** Opening Material for this exercise block **
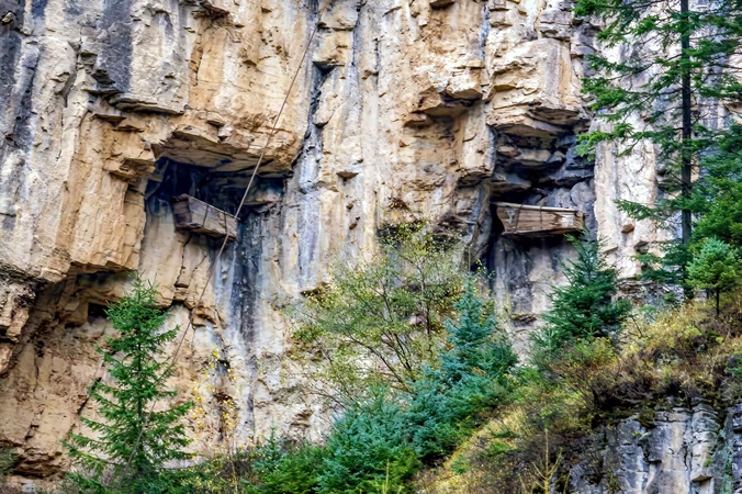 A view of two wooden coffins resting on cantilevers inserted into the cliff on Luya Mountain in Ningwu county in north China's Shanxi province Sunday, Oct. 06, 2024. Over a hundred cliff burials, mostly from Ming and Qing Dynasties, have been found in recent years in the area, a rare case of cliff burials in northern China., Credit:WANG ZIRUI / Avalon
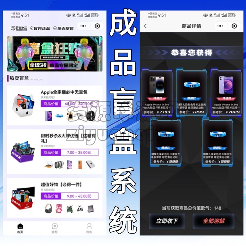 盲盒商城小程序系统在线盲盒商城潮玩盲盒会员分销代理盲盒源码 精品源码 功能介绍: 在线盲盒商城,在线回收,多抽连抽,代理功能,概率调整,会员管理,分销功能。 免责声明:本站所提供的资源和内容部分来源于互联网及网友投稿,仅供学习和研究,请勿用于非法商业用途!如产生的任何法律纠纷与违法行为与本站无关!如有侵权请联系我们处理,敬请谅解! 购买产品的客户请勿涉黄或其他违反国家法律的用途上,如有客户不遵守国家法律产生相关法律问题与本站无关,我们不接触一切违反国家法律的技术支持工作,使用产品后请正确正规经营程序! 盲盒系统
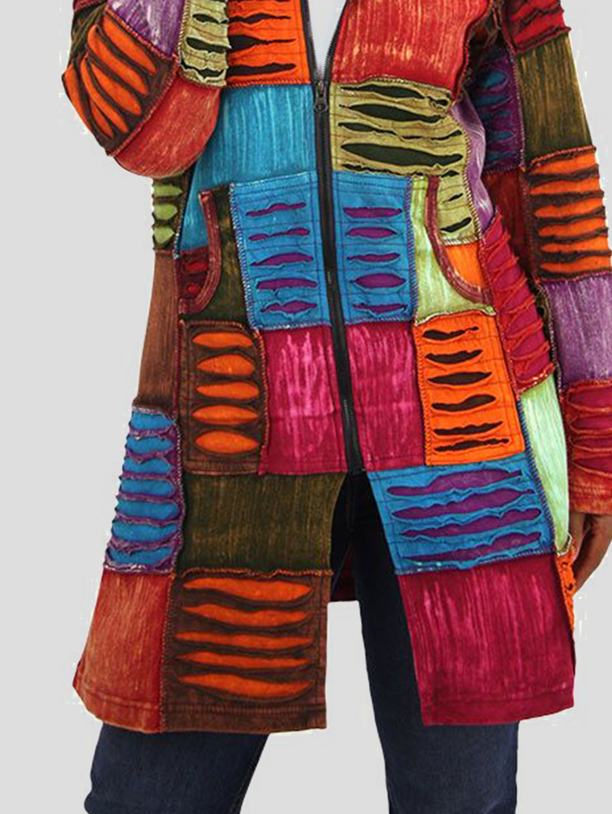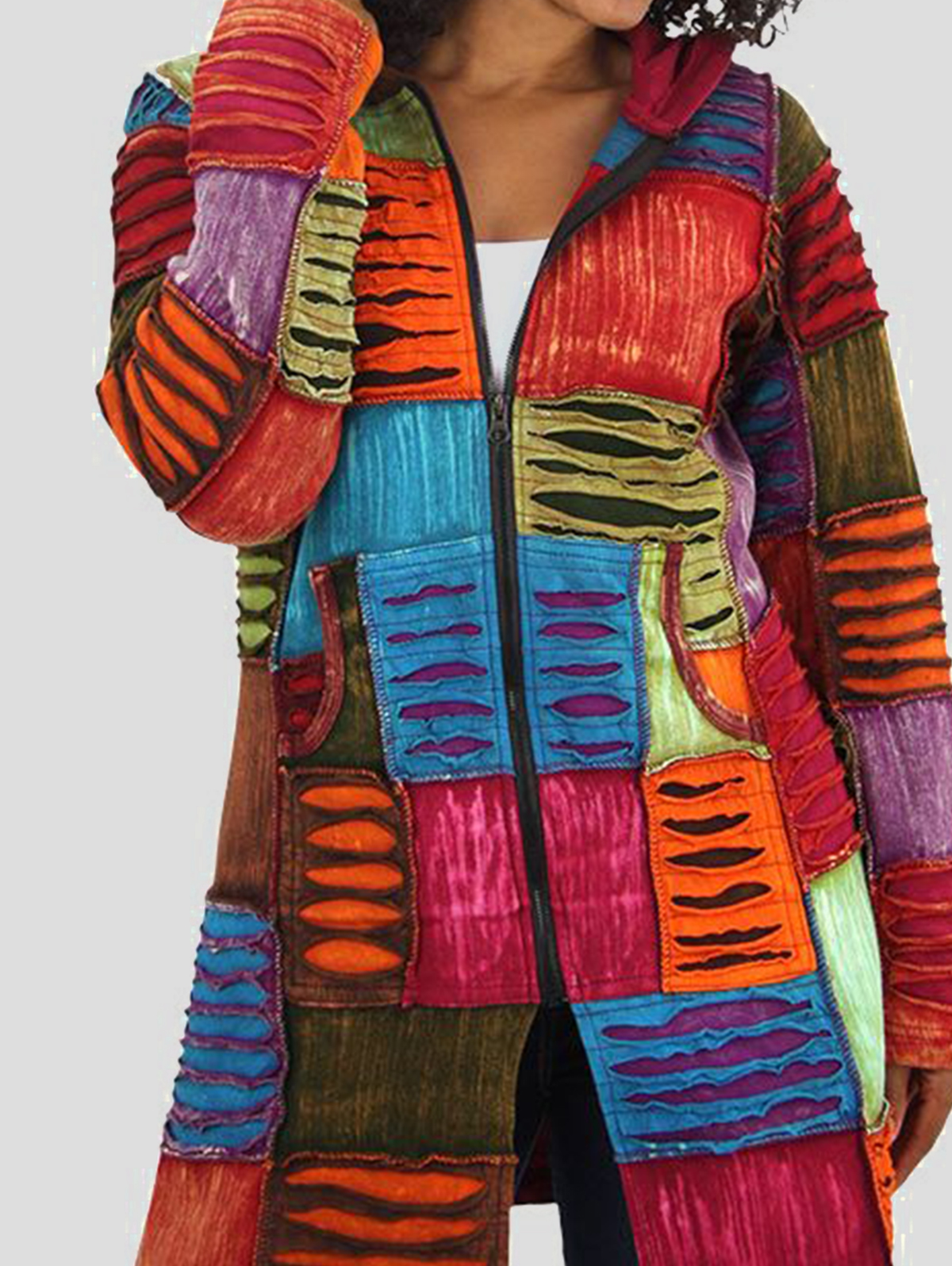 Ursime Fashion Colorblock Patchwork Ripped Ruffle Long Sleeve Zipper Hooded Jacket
** Closing Material for this exercise block **
** Opening Material for this exercise block **
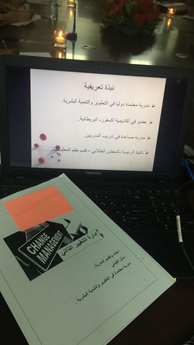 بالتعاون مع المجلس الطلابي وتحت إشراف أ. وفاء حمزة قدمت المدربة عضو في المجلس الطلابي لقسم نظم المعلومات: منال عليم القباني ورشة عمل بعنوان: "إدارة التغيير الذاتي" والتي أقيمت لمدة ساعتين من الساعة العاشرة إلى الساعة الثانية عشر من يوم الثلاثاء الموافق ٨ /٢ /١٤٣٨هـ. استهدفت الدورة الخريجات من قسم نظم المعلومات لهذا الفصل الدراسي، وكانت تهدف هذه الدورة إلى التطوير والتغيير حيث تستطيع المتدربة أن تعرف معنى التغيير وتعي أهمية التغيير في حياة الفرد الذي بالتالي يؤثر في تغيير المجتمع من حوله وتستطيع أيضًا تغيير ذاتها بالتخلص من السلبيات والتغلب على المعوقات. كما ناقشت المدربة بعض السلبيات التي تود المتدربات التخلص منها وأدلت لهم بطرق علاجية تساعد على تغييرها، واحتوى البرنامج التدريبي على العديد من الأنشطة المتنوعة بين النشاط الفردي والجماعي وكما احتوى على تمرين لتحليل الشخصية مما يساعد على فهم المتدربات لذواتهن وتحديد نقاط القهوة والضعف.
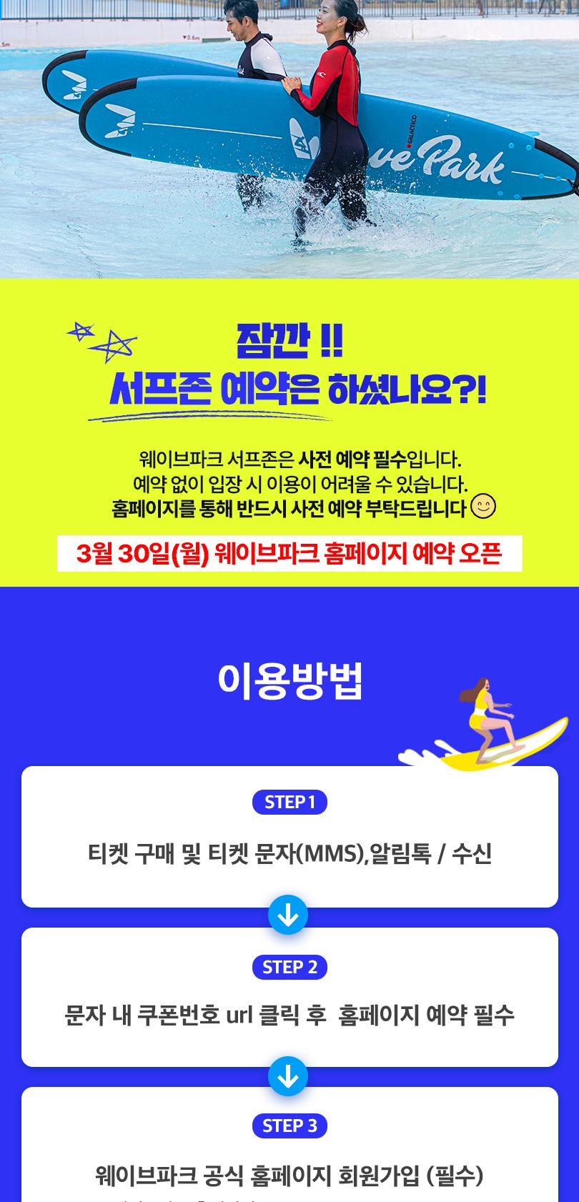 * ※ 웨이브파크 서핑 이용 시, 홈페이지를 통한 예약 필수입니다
** Closing Material for this exercise block **
** Opening Material for this exercise block **
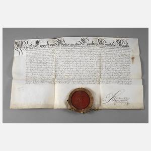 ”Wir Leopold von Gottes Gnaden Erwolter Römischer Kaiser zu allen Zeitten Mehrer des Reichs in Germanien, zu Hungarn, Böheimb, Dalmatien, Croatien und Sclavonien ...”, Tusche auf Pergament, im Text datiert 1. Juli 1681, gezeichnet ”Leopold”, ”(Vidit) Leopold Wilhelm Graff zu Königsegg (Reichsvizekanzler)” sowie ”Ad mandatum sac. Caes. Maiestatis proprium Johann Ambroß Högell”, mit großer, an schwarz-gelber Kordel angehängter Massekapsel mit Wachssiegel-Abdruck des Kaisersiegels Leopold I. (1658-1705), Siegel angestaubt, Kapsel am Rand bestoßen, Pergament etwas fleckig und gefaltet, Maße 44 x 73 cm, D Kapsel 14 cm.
** Closing Material for this exercise block **
Problem
Restate word for word every line from the one with "A view of two" up to and including the one with "Ursime Fashion Colorblock" in the records above, minus the pictures.

Written solution
 A view of two wooden coffins resting on cantilevers inserted into the cliff on Luya Mountain in Ningwu county in north China's Shanxi province Sunday, Oct. 06, 2024. Over a hundred cliff burials, mostly from Ming and Qing Dynasties, have been found in recent years in the area, a rare case of cliff burials in northern China., Credit:WANG ZIRUI / Avalon
 盲盒商城小程序系统在线盲盒商城潮玩盲盒会员分销代理盲盒源码 精品源码 功能介绍: 在线盲盒商城,在线回收,多抽连抽,代理功能,概率调整,会员管理,分销功能。 免责声明:本站所提供的资源和内容部分来源于互联网及网友投稿,仅供学习和研究,请勿用于非法商业用途!如产生的任何法律纠纷与违法行为与本站无关!如有侵权请联系我们处理,敬请谅解! 购买产品的客户请勿涉黄或其他违反国家法律的用途上,如有客户不遵守国家法律产生相关法律问题与本站无关,我们不接触一切违反国家法律的技术支持工作,使用产品后请正确正规经营程序! 盲盒系统
 Ursime Fashion Colorblock Patchwork Ripped Ruffle Long Sleeve Zipper Hooded Jacket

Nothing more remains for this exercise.